Alex’s first semester: Small school, big opportunities
Our Student Stories bloggers are back on campus and checking in. Today, Alex reflects on his first semester in the MIB program.
My first semester at The Fletcher School was quite an experience: immersing myself in my business and energy classes, getting to know my accomplished and passionate classmates, and participating in events with Nobel laureates.
First and foremost, I have been struck by the immediate and tangible benefits of being a part of such a small, tightly knit school. Let me give you a couple examples of these benefits from my experience so far:
Small Classes, Meaningful Discussions
Many of my classes were quite small, facilitating open and deep discussions, as well as fostering much more meaningful relationships with professors.
One example was my Managing the Global Corporation course taught by Prof. Thoman, F67, whose accomplishments and accolades include being the CEO of Xerox and Nabisco, the CFO of IBM, and a recipient of the French Legion d’Honneur. Instead of just teaching us analytical frameworks pulled from textbooks or reviewing business cases of other people’s experiences, Prof. Thoman helped us understand how decisions are actually made in the C-suite, based on examples from his own extraordinary career. This class only had a dozen students.
Another example was my Climate Change and Clean Energy Policy class taught by Prof. Kates-Garnick, F84, who was the Undersecretary of Energy for Massachusetts. As Massachusetts has one of the most advanced and successful clean energy policies in the U.S., Prof. Kates-Garnick is precisely the type of person you want to learn about energy policy from. Instead of simply discussing theoretical policies, she put us in the decision-maker’s seat and had us consider the tough trade-offs associated with different options. This class only had seven students.
The opportunity to take courses sitting around such a small table with industry forerunners and policy makers with real-world experience reaffirmed that this school is not just teaching us theory; Fletcher truly is a school for practitioners, taught by practitioners.
Exclusive Conferences, Valuable Insights
As part of this focus on staying connected to the real world outside the halls of academia, Fletcher encourages us to attend the plethora of conferences hosted in Boston. A great thing about Fletcher, however, is that it can help you get into the ones that actually matter.
For example, Prof. Kates-Garnick invited me to a small private conference held jointly by The Fletcher School and the Harvard Kennedy School for one of the biggest oil and gas companies in the world. The meeting, attended by the top energy minds of the two schools and the top executives of this global firm, was an eye-opening experience on how corporations inform and conduct their highest-level strategic planning process. I was impressed by the executives’ grasp of international affairs (it came as little surprise that some were Fletcher graduates), and was reminded of the value of the Master of International Business (MIB) degree I am pursuing.
I was also able to attend a cleantech conference with the leading businessmen and women in Boston thanks to a generous grant from Fletcher’s Center for International Environment and Resource Policy. Just about every other person at the conference was a president or CEO, while I was one of only three students able to attend, due to the cost. Access to the event proved invaluable, however, both in terms of the content of the panel discussions and the contacts I established; I left with an internship for the next semester doing research for a private equity fund acquiring wind farms across North America.
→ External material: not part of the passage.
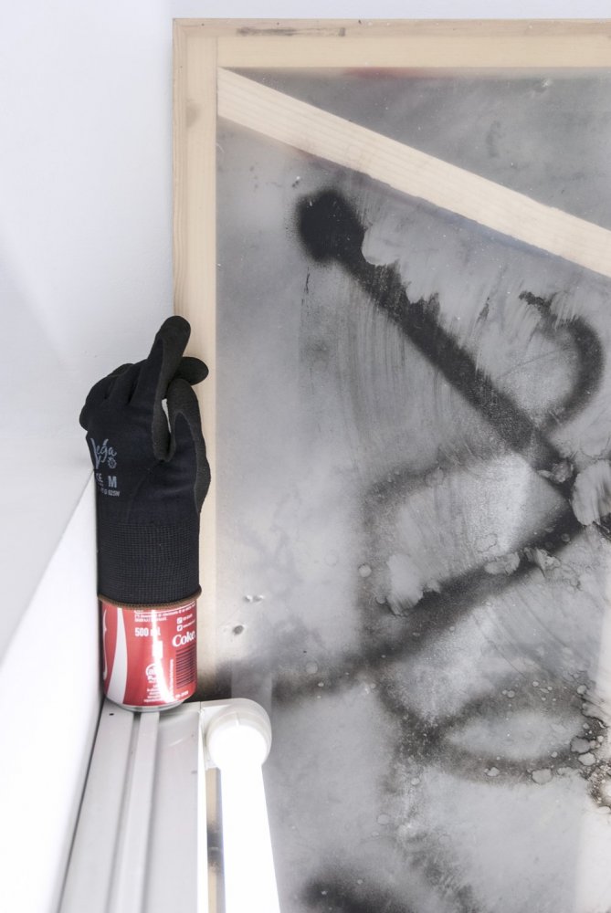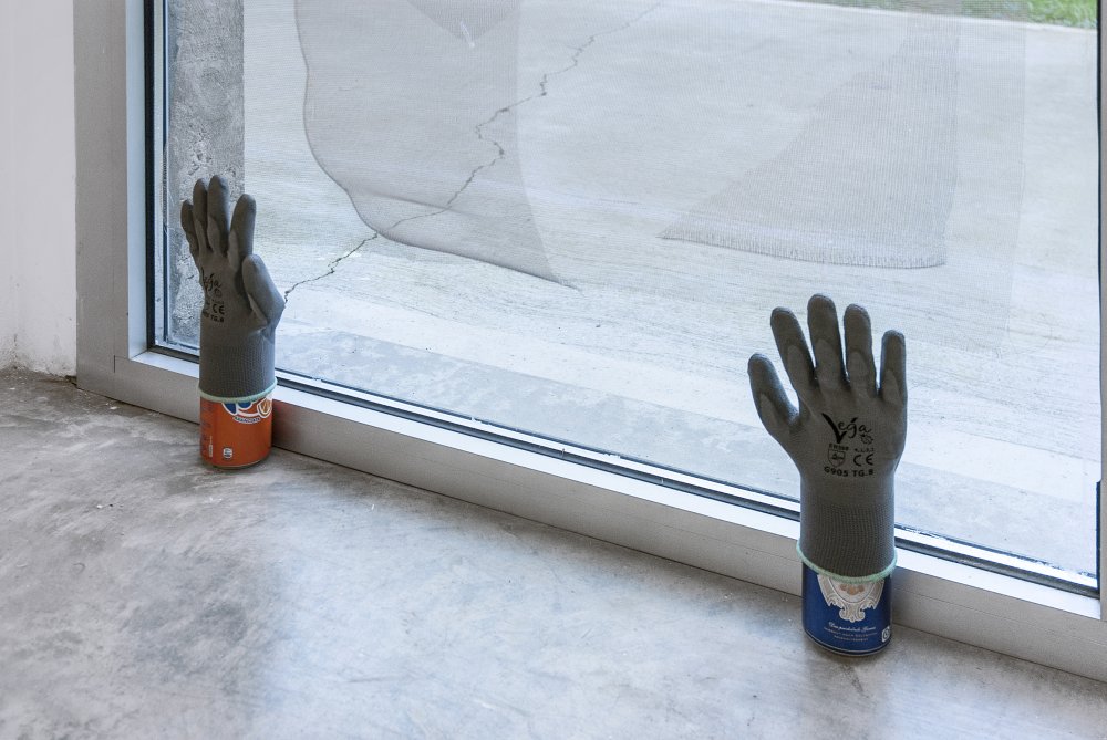 This is an exhibition that is anything but static, however hard it might try to be. Donzeaud’s experiments in turning a plastic used for containers into flat screens that adapt to the walls of the indoor space are stretched out and over a frame; sometimes hanging like a canvas in ‘Untitled PE (Caring 01)’ and ‘Untitled PE (Caring 02, 03, 04)’ or jutting out of wall and becoming a sort of installation-sculpture in ‘Untitled PE (Caring 05, 06)’. The view to these works shift and change depending on the angle from which you look at it. Meanwhile, the potential pun of the gloves, bubble wrap and canned drink sculptures Cruces calls ‘Handy Cans’ (2014) frame these images, nodding to a human hand but containing only a synthetic simulation of it. Like a photo or a moving image made by a handycam, being alive is one thing, the anatomy of how that life lives is another. **

Not only are these types of conferences interesting, they provide access to the fields students are interested in, and to the people who shape those fields. If it had not been for Fletcher, I would not have been able to attend, or even have heard of, these conferences.
Fletcher is a small school that delivers monumental output. The professors and events students have access to are but a couple of the benefits of attending a small school. It is these types of opportunities that ensures that students are at the leading edge of their fields, and that The Fletcher School stays at the forefront of the world’s most pressing issues.